Then, as companies grow, economy grows. As "too many" companies enter a temporally high profiting field or product in a field, the s/d curve shifts, punishing oversupply. This can force movement, or force price or supply war between suppliers, between retailers, between suppliers and retailers.
It cannot be allowed that most of the economic activity in the game is in trading AS final products, as no one could write a code to allow this. Can anyone know how many sat, sep, bfr, etc are sold in SO each day compared to total employed persons in the economy? Do these numbers make sense? If an economy of say 50m people is consuming 5000 satellites a day, does this make sense?
If there are 50m people employed, and each day this means 50 sats required, then only 50 SO searches will get sats, and so on, and it's possible salesmen will say sorry boss, market doesn't support us, the 600th company in AS market.

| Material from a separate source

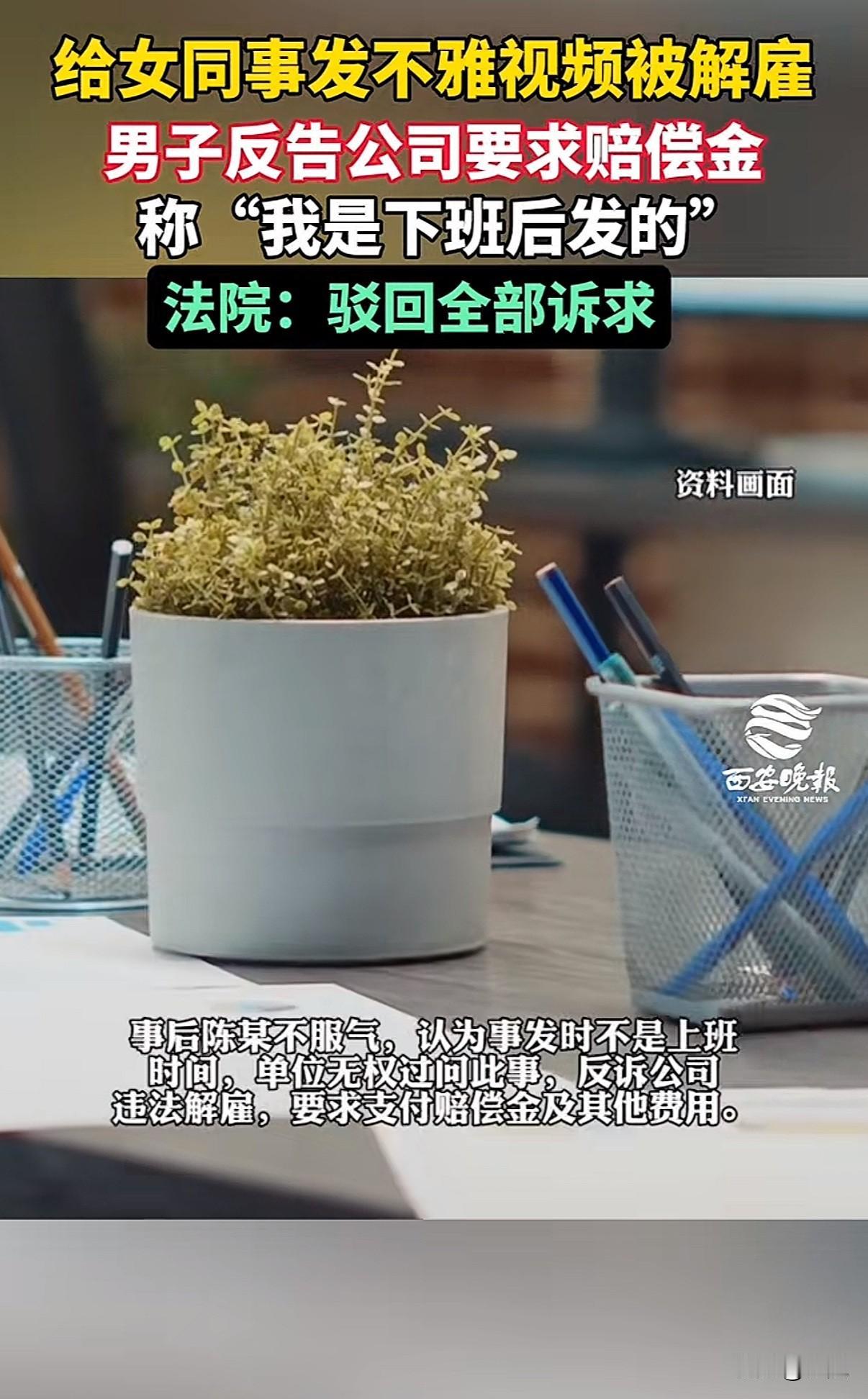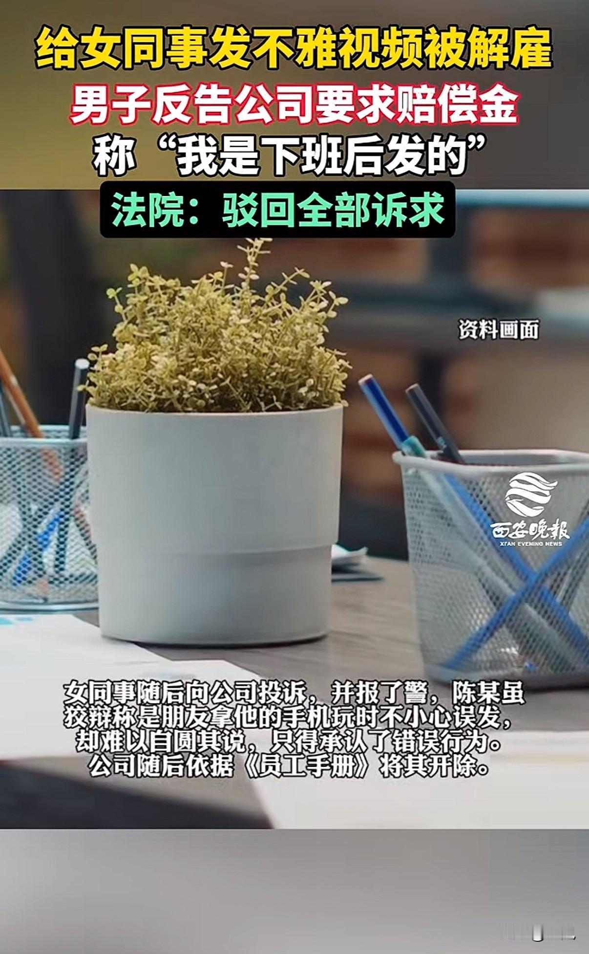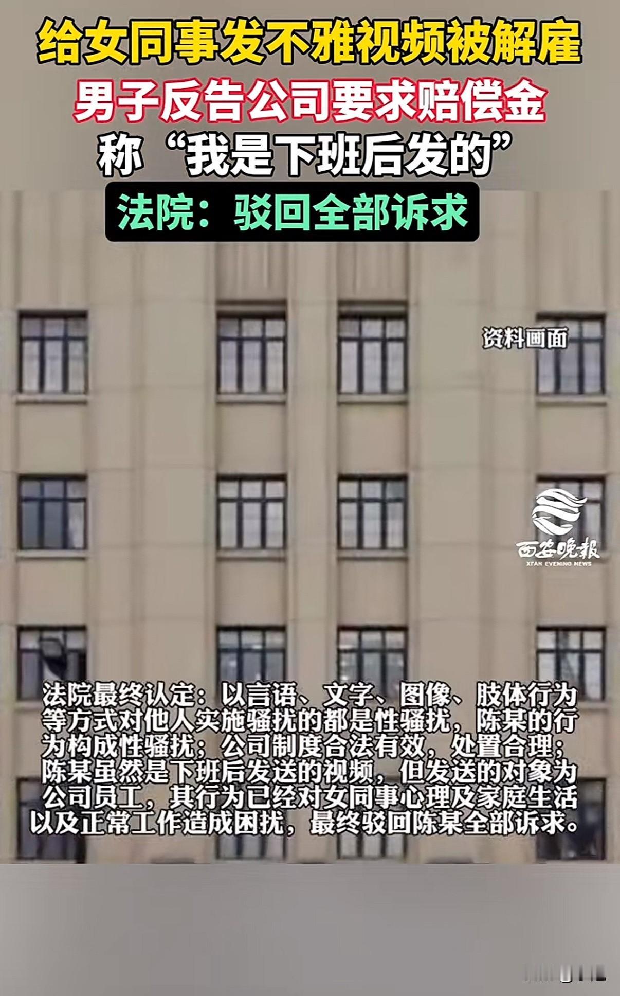 这事可太典型了。一男的,晚上给女同事发不雅视频,女同事老公看见,家里闹翻天,直接报了警。公司二话不说把他开了。他不服,说“又不是上班时间发的”,反手把公司告了,要赔偿。结果呢?法院驳得干干净净,一分没要到。 来龙去脉是这样的。陈某晚上用微信,给一位已婚的女同事发了段不雅视频。女同事那边,可能是手机没锁屏,被她老公看到了。这下可好,家里炸了锅,夫妻俩大吵一架。女同事又气又委屈,转头就向公司投诉,紧接着去派出所报了警。 事情闹大了,陈某开始慌了。他一开始跟公司狡辩,说不是自己发的,是“朋友拿我手机玩,不小心误发了”。这话听着就站不住脚。警察一问,细节对不上,漏洞百出。眼看圆不过去,他只好认了,还白纸黑字写了份保证书,承认自己做了错事。 公司这边,也不是随便开的他。公司有《员工手册》,里面清清楚楚写着禁止性骚扰等条款,而且这手册是经过合法程序制定、向员工公示过的,陈某自己也参加过培训。公司认为,他的行为严重违反了规章制度,属于“严重违纪”,依据《劳动合同法》第三十九条,可以解除劳动合同,而且不用给补偿。于是,一纸通知,把他开除了。 陈某越想越憋屈,觉得公司管得太宽。他坚持认为,发视频是下班后的私人时间、私人行为,跟工作无关,公司没权力因为这个开除他。于是,他去法院起诉,说公司违法解雇,要求支付赔偿金。 法院的判决,把道理讲得很透。 第一,这行为就是性骚扰。法律规定了,性骚扰不光是动手动脚,发文字、发图片、发视频,都算。关键是,这个行为是不是让人感到冒犯、厌恶,造成了心理压力。陈某发不雅视频给女同事,直接导致对方家庭失和、心理受创,还闹到报警,这已经严重干扰了女同事的正常生活和精神状态,构成性骚扰没跑。 第二,公司开除他,合法合理。公司的规章制度合法有效,陈某也知晓。他的行为,白纸黑字地违反了制度里最严重的禁令之一。公司依规处理,程序上挑不出毛病。 第三,也是最关键的一点:不是“下班了就管不着”。法院认为,劳动关系具有延续性,员工的行为如果严重影响了其他同事的权益,破坏了公司正常的职场环境和秩序,哪怕发生在下班后、公司外,公司也有权进行管理。他骚扰的对象是同事,后果直接波及了职场关系,公司当然能管。 这件事,看着是个案,其实背后有两个点,挺值得琢磨。 一是侥幸心理要不得。陈某可能觉得,下班后“玩一玩”,神不知鬼不觉。他没料到对方老公会看到,更没想到会闹到报警、公司介入。很多错事,都是从“觉得不会被发现”开始的。 二是界限感很重要。同事关系有它的边界,什么能聊,什么不能传,心里得有数。把同事当成可以随意发送私密、不良信息的对象,本身就是一种越界和冒犯。这种越界,不仅伤害别人,最终也反噬了自己。 法院的判决,给了一个清晰的信号:无论在不在工位上,尊重他人,恪守底线,都是一个职场人该有的基本素养。越了线,就要承担后果。公司依据合法制度清理门户,法律是支持的。 这事,说到底就是自己作了,还怪公司管得严,法律没给他这机会。

Bottom line is, there is no penalty to a company or to the AS market from a new company entering that field. This is why the nerf was 'needed', because it makes the game economy top heavy slanted toward one single field. Going from 10 companies in a field to 50 companies in a field, given economy properly set up with proper demand relations, should nerf itself. If suddenly every factory in EU started to make or trade multistage rockets, market price would plummet, alumjnum prices would go 500x, and there would be a lot of bankrupt companies, trying to sell 5000 multistage rockets into a market that consumes 20 of these in a year. There's your nerf. A self healing market.